Starting with your cylinders around arbitrary minor axes, you've certainly been rather fastidious about checking your alignments, and for the most part it has certainly helped you improve upon them as you worked through the set. There are however a few key issues that I want to point out:

  • The assignment section of this challenge specifically requested that you include lots of variation in the rates of foreshortening you were using. You appear not to have done that.

  • Taking the previous point a little further, there are a number of places where it seems like instead of being mindful of having your side edges converge towards a shared vanishing point, there are definitely some where you've kept them roughly parallel on the page, with no sign of any intent to have them converge.
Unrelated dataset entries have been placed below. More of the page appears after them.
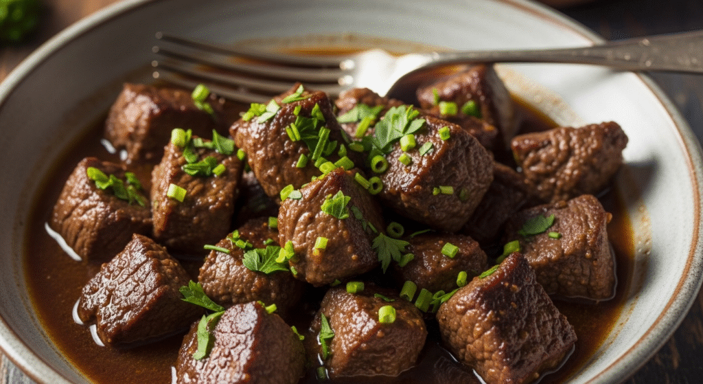This recipe makes tender steak bites in a savory gravy. It uses basic ingredients. You get juicy meat that falls apart. Serve it over mashed potatoes or rice for a full meal.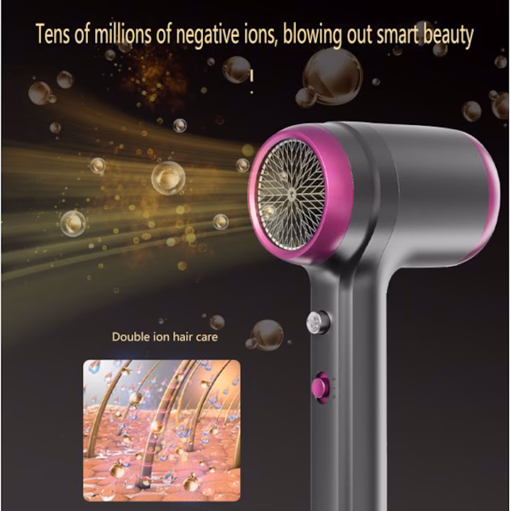 Uscator de par Original At Performance, cu Led, 2 trepte de Viteza, 2 Capete, Ioni Negativi, Aer rece/ cald, 1250 W, Gri/Fucsia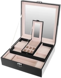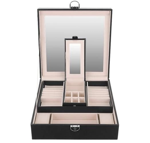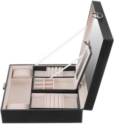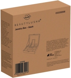 Elegantā rotu lādīte Beautylushh melnā krāsā ir ideāla jūsu vērtslietu organizēšanai un aizsardzībai. Ar daudzlīmeņu glabāšanas vietu un spoguli tā piedāvā visu nepieciešamo pārskatāmai rotu uzglabāšanai.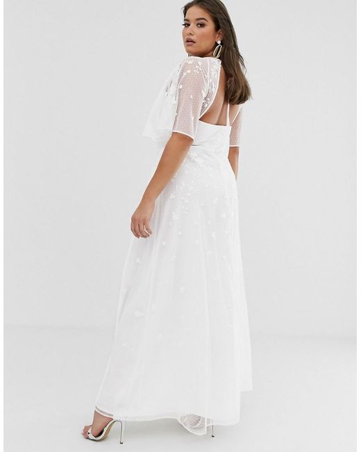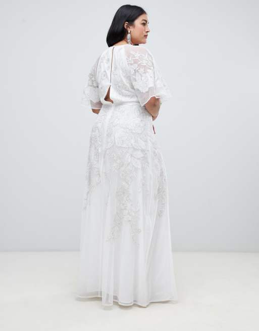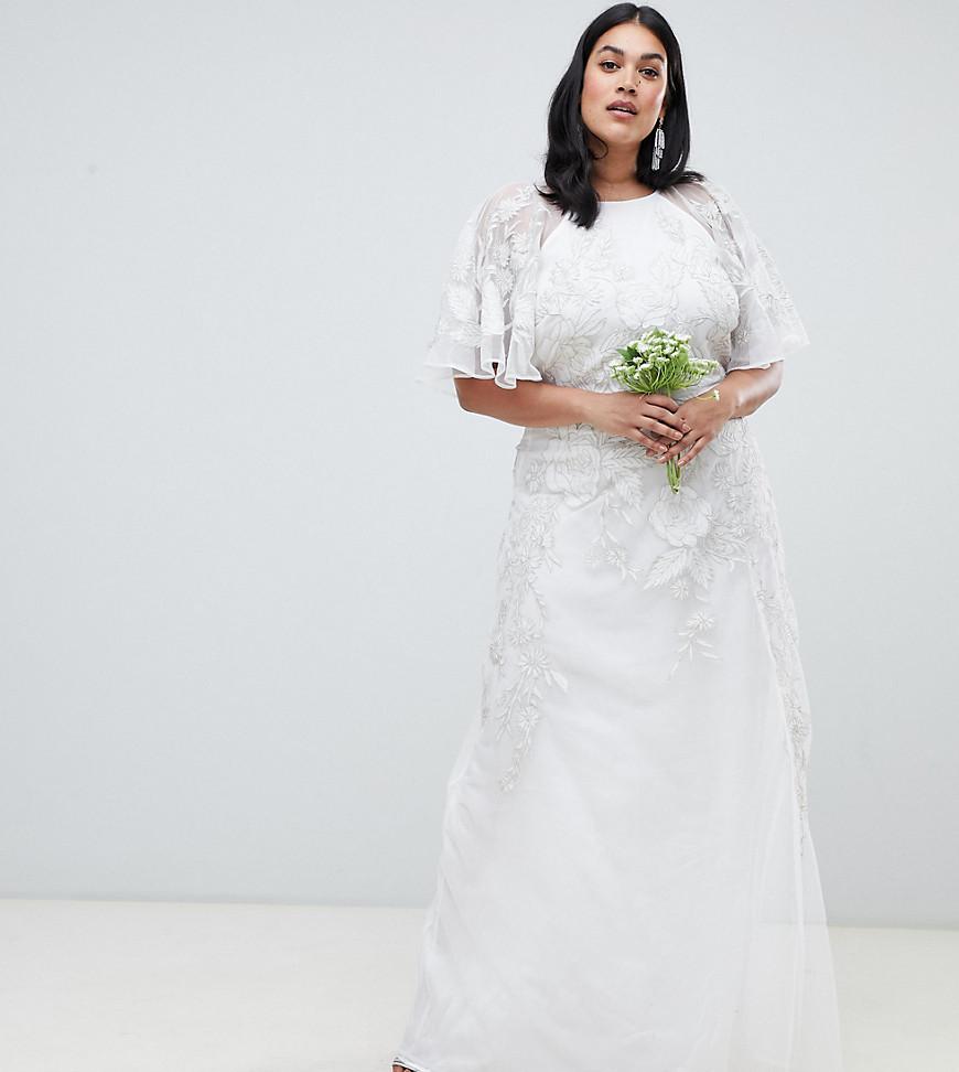 Asos Edition Curve Embroidered Flutter Sleeve Maxi Wedding Dress

This is a common issue for students, but it's one to be aware of - when you're just rotating forms randomly in space, you should always be mindful of having their sets of parallel lines converge in 2D space. Reason being, those lines will only be parallel on the page (with a vanishing point at infinity) when the lines in 3D space run perpendicular to the viewer's angle of sight. If they're at any other orientation, then having no convergence there will tell the viewer that there is no distance between the ends of the cylinder, resulting in a visual contradiction (since we can clearly see that there is distance between those ends).

  • It does seem like your ellipses still do have room for improvement (mainly in tightening them up as you draw through them two full times before lifting your pen - something you don't actually do entirely consistently as you should be). This is honestly pretty normal, because ellipses are frankly, difficult. But be sure to keep using the ghosting method to prepare your arm, and to draw using the whole arm from the shoulder. It's easy to slip into drawing these from the elbow.

Continuing onto your cylinders in boxes, here I'm pretty pleased with your work. Some of your boxes come out a little wonky, like 94, but by and large you're doing a good job of minding those convergences, and of extending the analysis to include the ellipses' own lines (like the minor axis and contact point lines). In doing so, you've done a good job of further training your ability to estimate the construction of boxes that feature a pair of opposite ends which are proportionally square.

This gets developed largely because we're working towards getting those line extensions to converge towards shared vanishing points - when the ellipses' lines converge towards the box's vanishing points, it means those ellipses represent circles in 3D space. That of course would also mean that the plane enclosing them would represent a square in 3D space. As we continue to try to adjust the boxes to get better results on the extensions, we train this skill often without being entirely aware of it.

Fortunately, it's an important skill, and one that'll serve you well in the next lesson. So, I'll go ahead and mark this challenge as complete.